20%. That's how often AI-generated security patches pass every automated test in your CI/CD pipeline (the system that automatically builds, tests, and deploys code) and still break your application in production.
A new benchmark called SCA RemBench tested three leading AI coding tools across 25 open-source repositories with known security vulnerabilities. The task was straightforward: patch the vulnerability without breaking anything else. All three tools produced patches that looked correct, compiled fine, and passed automated test suites. But when those patches hit real-world conditions, one in five failed silently.
The Scores Tell a Partial Story
RemBench scored each tool on a 100-point scale weighted across three dimensions: compatibility (50%), correctness (30%), and precision (20%). The results:
- Gemini 3 Pro: 82.1
- Claude Code (Opus 4.6): 79.3
- Codex (GPT-5.2): 76.3
Those scores look decent in isolation. The problem is what a score of 82 actually means in a security context: roughly one in five patches introduces a new defect while fixing the original vulnerability.
How Green Tests Hide Broken Code
The failure patterns fall into three categories, and the most common one is the hardest to catch.
Compatibility failures accounted for the largest share. In one case, an Express.js patch removed utility functions and replaced them with null stubs. Tests passed because nothing explicitly checked those utilities. But in production, query-parameter parsing silently stopped working. Users wouldn't see an error message. They'd just get wrong results.
Correctness failures came next. A patch for the Go networking library quic-go used the wrong error sentinel from a different package. The code compiled and tests passed, but error-matching logic failed at runtime, meaning the application couldn't properly handle certain network conditions.
Precision failures were the subtlest. A urllib3 patch created an unnecessary wrapper subclass that technically worked but hid new functionality the security update was supposed to expose.
The common thread: every model treated vulnerability patching as a text-completion problem rather than a migration problem. They looked at the current code, saw what needed to change, and changed it. What they missed was the gap between the library's old API and its new secure version, including all the downstream code that depended on specific behaviors.
What Actually Helps
The benchmark found that adding a structured planning step before code generation improved scores by 7.4 points (to 89.5). That means forcing the AI to first analyze what changed between library versions, identify affected call sites, and map out a remediation plan before writing any code.
This tracks with what most experienced developers already know: the hard part of a security patch isn't writing the fix. It's understanding the full blast radius of the change.
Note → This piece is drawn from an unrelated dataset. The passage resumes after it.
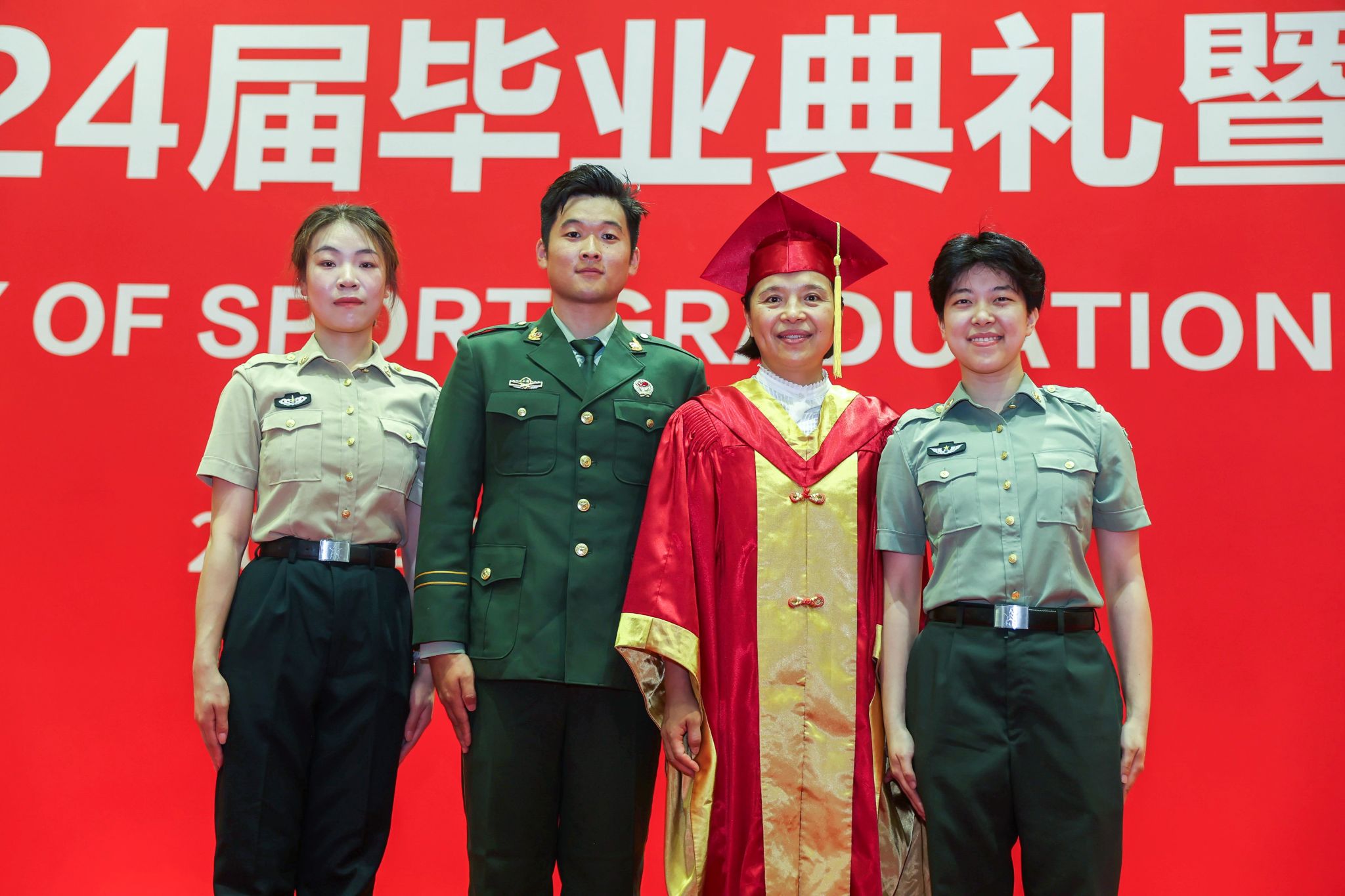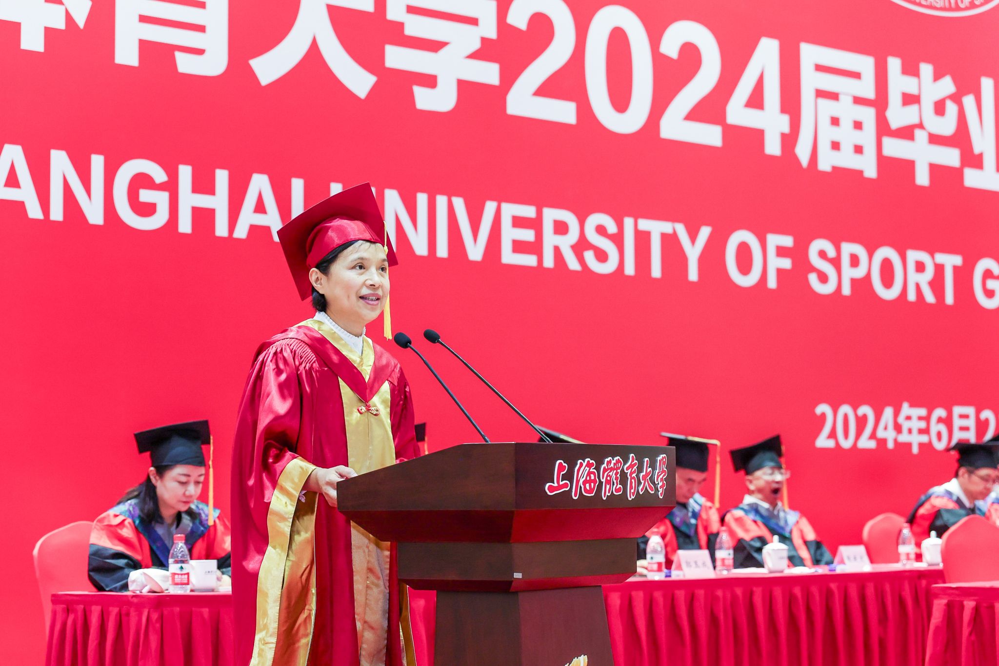 党委副书记、校长毛丽娟为毕业生代表拨穗、颁发学位证书并寄语。毛校长首先代表学校向全体2024届毕业生致以最诚挚的祝贺和最美好的祝愿,随后她以《使命为舵·拼搏为帆·创新为桨 成就价值人生》为主题,为毕业生深情寄语。她指出,作为新中国创办最早的体育高等学府,一代又一代伟德人成为堪当大任、奉献报国的高水平体育人才。面对未来的人生道路,希望同学们立志高远、脚踏实地,以十年磨一剑的韧劲,以一辈子做成一件事的执着,成就有价值的人生。

For teams relying on AI tools like Cursor, Claude Code, or GitHub Copilot for security patches, the practical takeaway is blunt: a green CI pipeline is not proof that an AI-generated patch is safe. These tools are useful for drafting fixes, but the patches need human review that goes beyond "do the tests pass" and into "what behavior changed that the tests don't cover." Automated test suites were never designed to catch the kind of semantic drift that AI patching introduces, and until that changes, the 20% failure rate is the floor, not the ceiling.